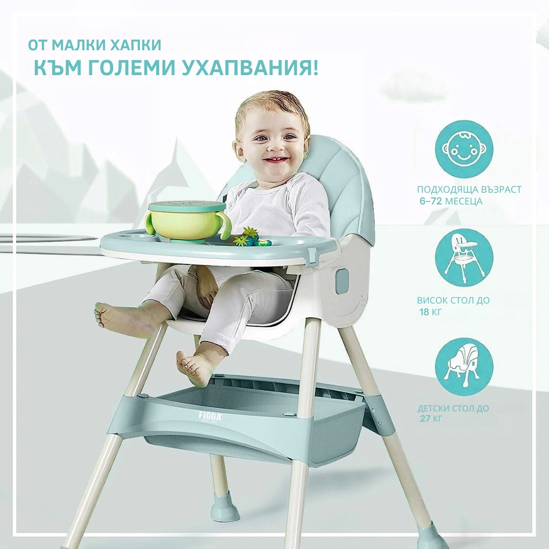 Осигурете комфорт и безопасност на вашето дете при всяко хранене със столчето за хранене 4 в 1 FiGGA®, предназначено за деца от 6 до 72 месеца.
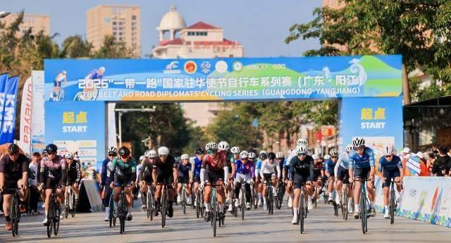 12月28日,2025“一带一路”国家驻华使节自行车系列赛(阳江站)在海陵岛螺洲滨海公园鸣枪。当天,来自40个国家的110位驻华领事、国际留学生与众多骑友同场飞驰。
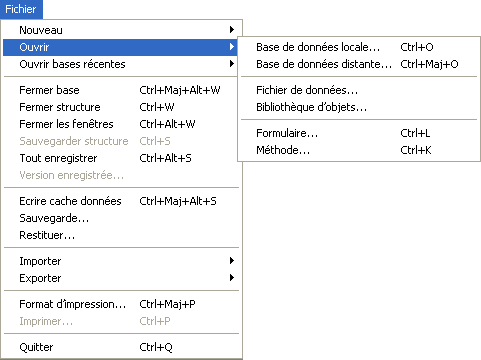 • via le sous-menu Ouvrir bases récentes (fichier placé dans le dossier de préférences local).

+-------+

→ TASK GOAL: Output the data above exactly. Drop every picture.

→ COMPLETED EXERCISE:
 Осигурете комфорт и безопасност на вашето дете при всяко хранене със столчето за хранене 4 в 1 FiGGA®, предназначено за деца от 6 до 72 месеца.
 12月28日,2025“一带一路”国家驻华使节自行车系列赛(阳江站)在海陵岛螺洲滨海公园鸣枪。当天,来自40个国家的110位驻华领事、国际留学生与众多骑友同场飞驰。
 • via le sous-menu Ouvrir bases récentes (fichier placé dans le dossier de préférences local).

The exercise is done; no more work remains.